=== Records provided ===

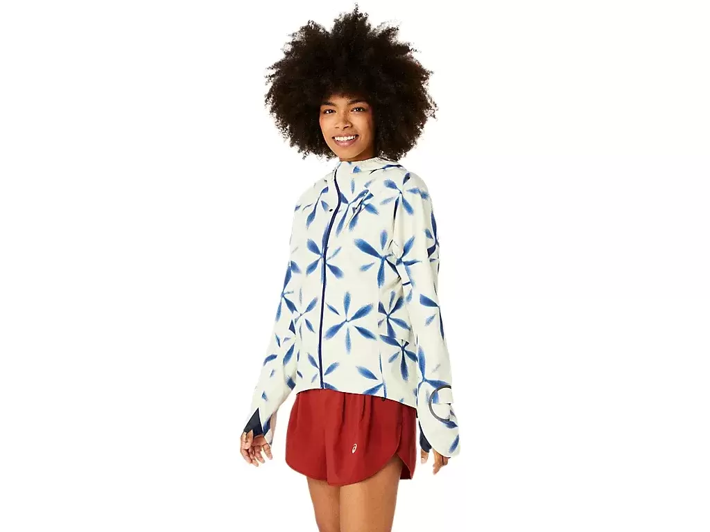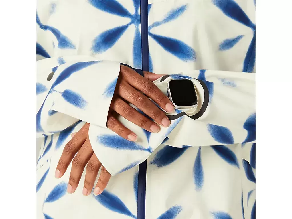 A jaqueta impermeável METARUN® SHIBORI é uma das mais avançadas da coleção de corrida ASICS®. Ela é funcional para correr em condições climáticas adversas e pode ser facilmente removida e guardada no bolso do peito durante a corrida.
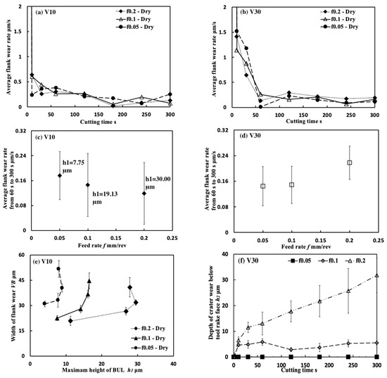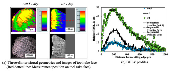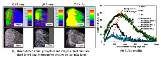 - The stability of the BUL is very high, and the BUL can not only significantly protect the tool from wear but also reduce friction at the tool–chip interface and maintain surface roughness. The height of the BUL can play a very important role in its protective effect, and a higher BUL can improve its protective effect. This indicates that we can realize the SPT when dry cutting Inconel 718 by actively and purposely utilizing the BUL and control the SPT by controlling the height of the BUL.
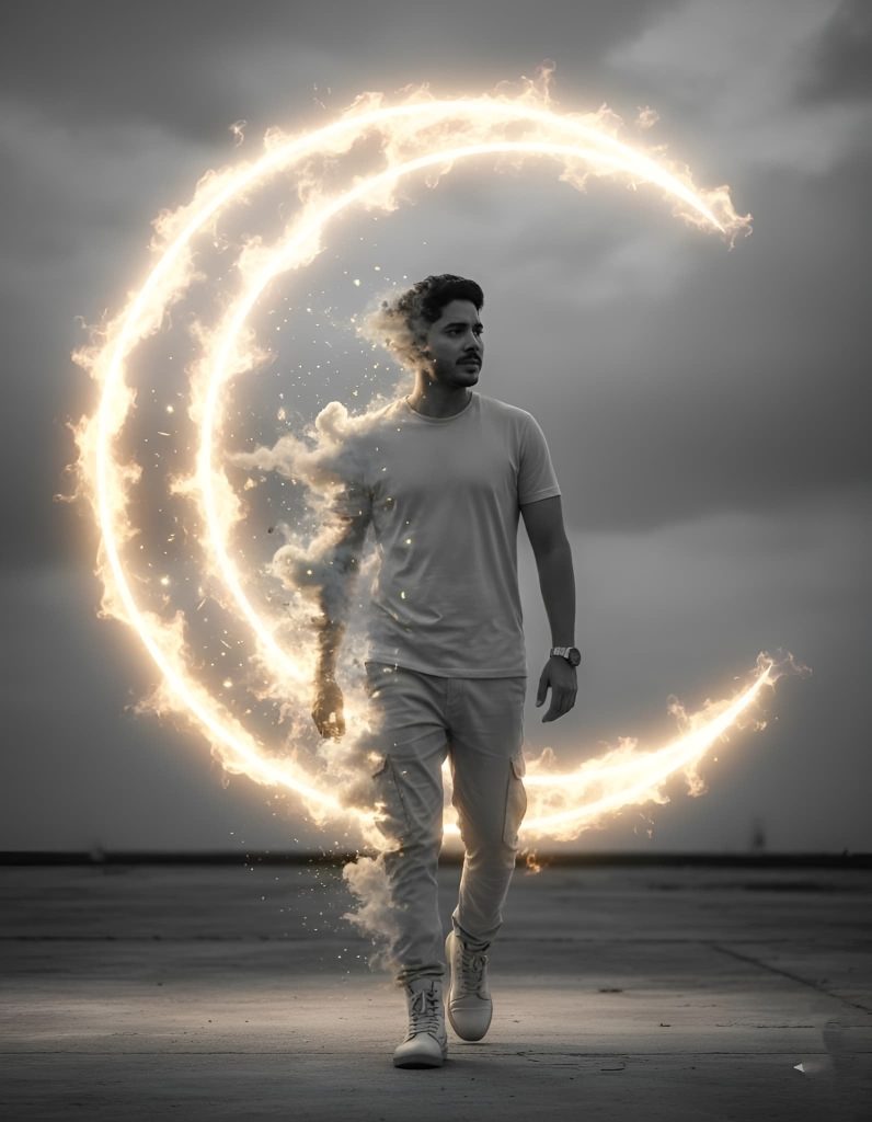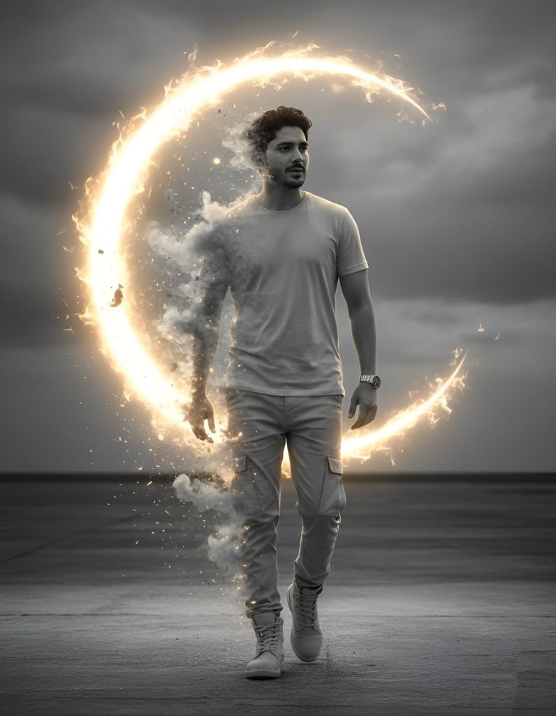 This prompt is designed to show movement. By placing the man “one step ahead” and “facing front walking,” we create a dynamic composition. The “C-shaped energy aura” acts as a powerful rim light that catches the edges of his hair and shoulders.
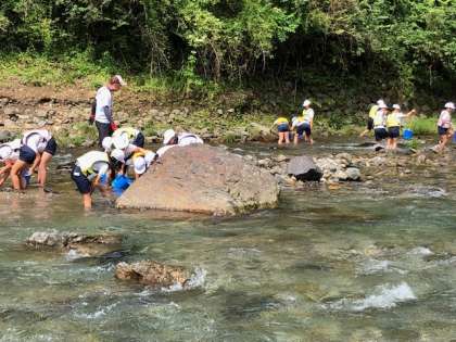 ライフジャケットをつけて川にすむいきものを探します。清流の水は冷たくていい気持ち。
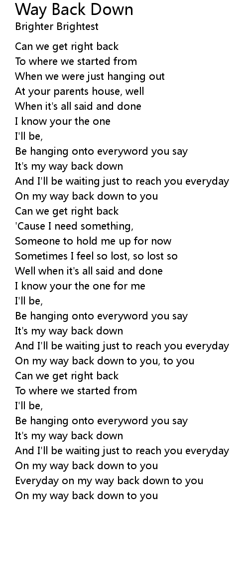 Everyday on my way back down to you |
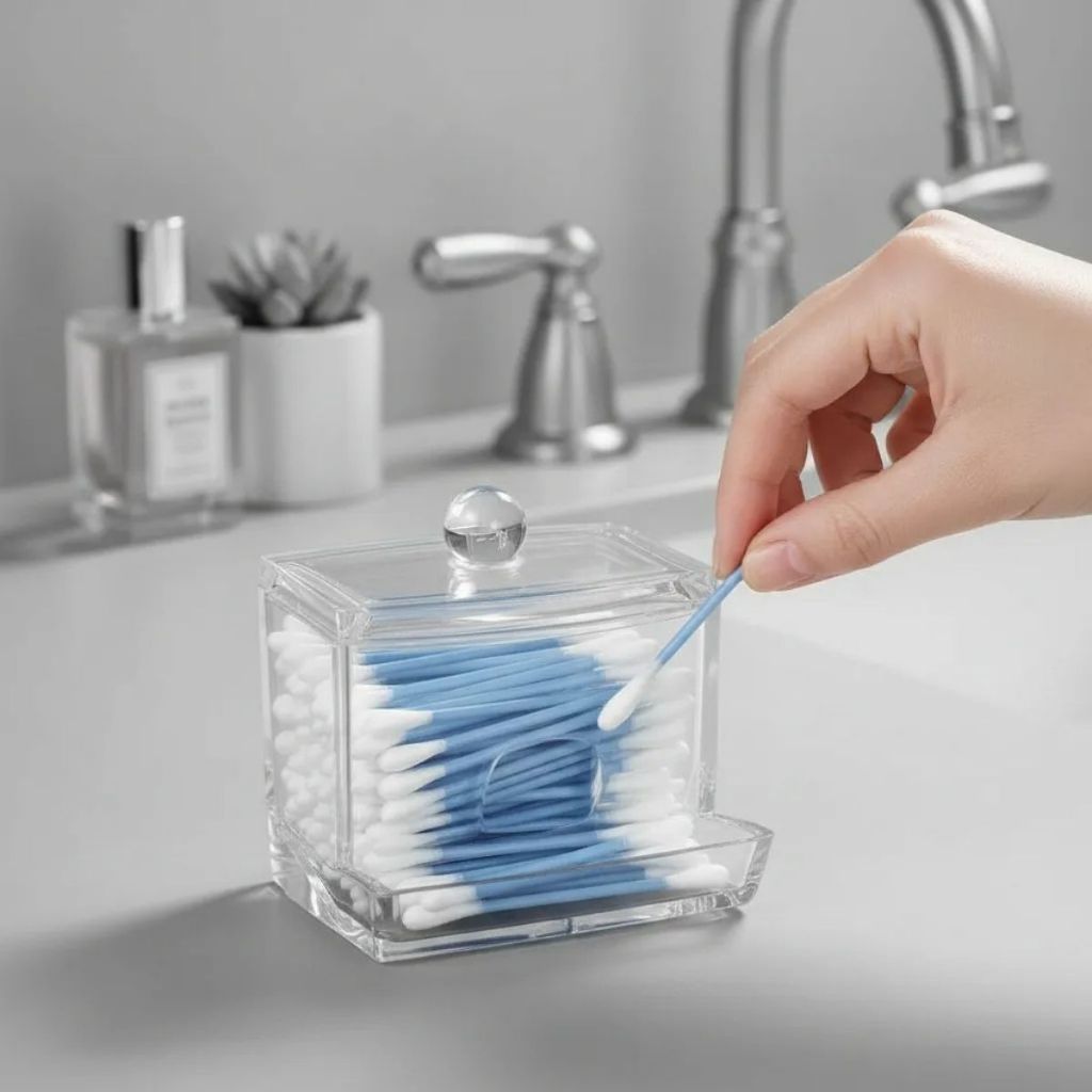 Conjunto Porta Cotonete Porta Algodão Acrílico Transparente Organizador Compacto Banheiro DUHOME

===

What you should do = Only the pictures are to be dropped; return everything else in the listing exactly.

Your response =
 A jaqueta impermeável METARUN® SHIBORI é uma das mais avançadas da coleção de corrida ASICS®. Ela é funcional para correr em condições climáticas adversas e pode ser facilmente removida e guardada no bolso do peito durante a corrida.
 - The stability of the BUL is very high, and the BUL can not only significantly protect the tool from wear but also reduce friction at the tool–chip interface and maintain surface roughness. The height of the BUL can play a very important role in its protective effect, and a higher BUL can improve its protective effect. This indicates that we can realize the SPT when dry cutting Inconel 718 by actively and purposely utilizing the BUL and control the SPT by controlling the height of the BUL.
 This prompt is designed to show movement. By placing the man “one step ahead” and “facing front walking,” we create a dynamic composition. The “C-shaped energy aura” acts as a powerful rim light that catches the edges of his hair and shoulders.
 ライフジャケットをつけて川にすむいきものを探します。清流の水は冷たくていい気持ち。
 Everyday on my way back down to you |
 Conjunto Porta Cotonete Porta Algodão Acrílico Transparente Organizador Compacto Banheiro DUHOME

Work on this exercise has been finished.